Lars von Triers neuestes Werk "Antichrist" ist ein Brett von einem Film. Abseits des sterilen Hollywood-Mainstream schuf der exzentrische Filmemacher aus Dänemark ("Dogville", "Idioten") hier einen nur schwer verdaulichen, zugleich ruhigen wie grausamen Psychothriller um ein Ehepaar mittleren Alters, welches nach dem Tod des gemeinsamen Kindes in der Abgeschiedenheit der Wildnis wieder zueinander finden möchte. Doch was als erfolgversprechende Therapie beginnt, endet in einem perversen Alptraum von (HC)Sex, abartiger Gewalt und grotesken Wahnvorstellungen.
Mittel, den schleichenden Irrsinn adäquat auf die Leinwand zu bringen, hat von Trier jedenfalls gefunden.
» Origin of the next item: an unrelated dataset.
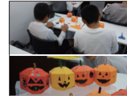
◎ ハロウィンパーティー(小学生)

アクシアでは説明会や個別面談を通じて最新の教育情報をご提供して参ります。塾の様子や成績・進路に関するご相談につきましては、個別面談で随時対応しております。いつでもお気軽にご相談ください。

Der in stimmige Kapitel eingeteilte "Antichrist" punktet durch eine wunderbar stilvolle, individuelle Inszenierung, die klar die Handschrift ihrers Schöpfers erkennen lässt. Düstere, mitunter ins Surreale tendierende Natur-Bilder ergänzen sich mit atmosphärischen Klängen und zwei großartig aufspielenden Hauptdarstellern. Nennenswerte andere Figuren gibt es praktisch nicht, womit der Film praktisch ausschließlich von Willem Dafoe ("Der blutige Pfad Gottes") und Charlotte Gainsbourg ("21 Gramm") getragen wird.
"Antichrist" läd zum Versinken ein. Tempo und Spannung sollte man besser nicht im Übermaß erwarten. Hier stehen vielmehr die Charaktere im Mittelpunkt, die Faszination des Filmes speist sich aus dem faszinierenden Psychoduell der beiden überragenden Protagonisten - bis schließlich zum Finale hin apokalypseähnlich alle Dämme der Trauer, des Schmerzes und der Vernichtung brechen.
Fazit: Wer oder was hier der Antichrist ist, bleibt Interpretationssache. Seine Existenzberechtigung hat Lars von Triers filmgewordener Schlag in die Magengrube, der defintiv mehr Arbeit als Vergnügen darstellt, jedenfalls eindrucksvoll unter Beweis gestellt. Vor allem das großartige schauspielerische Duell zwischen Willem Dafoe und Charlotte Gainsbourg sticht heraus - ob man alle finalen Gewaltszenen in dieser Deutlichkeit hätten zeigen müssen, bleibt dagegen dahingestellt...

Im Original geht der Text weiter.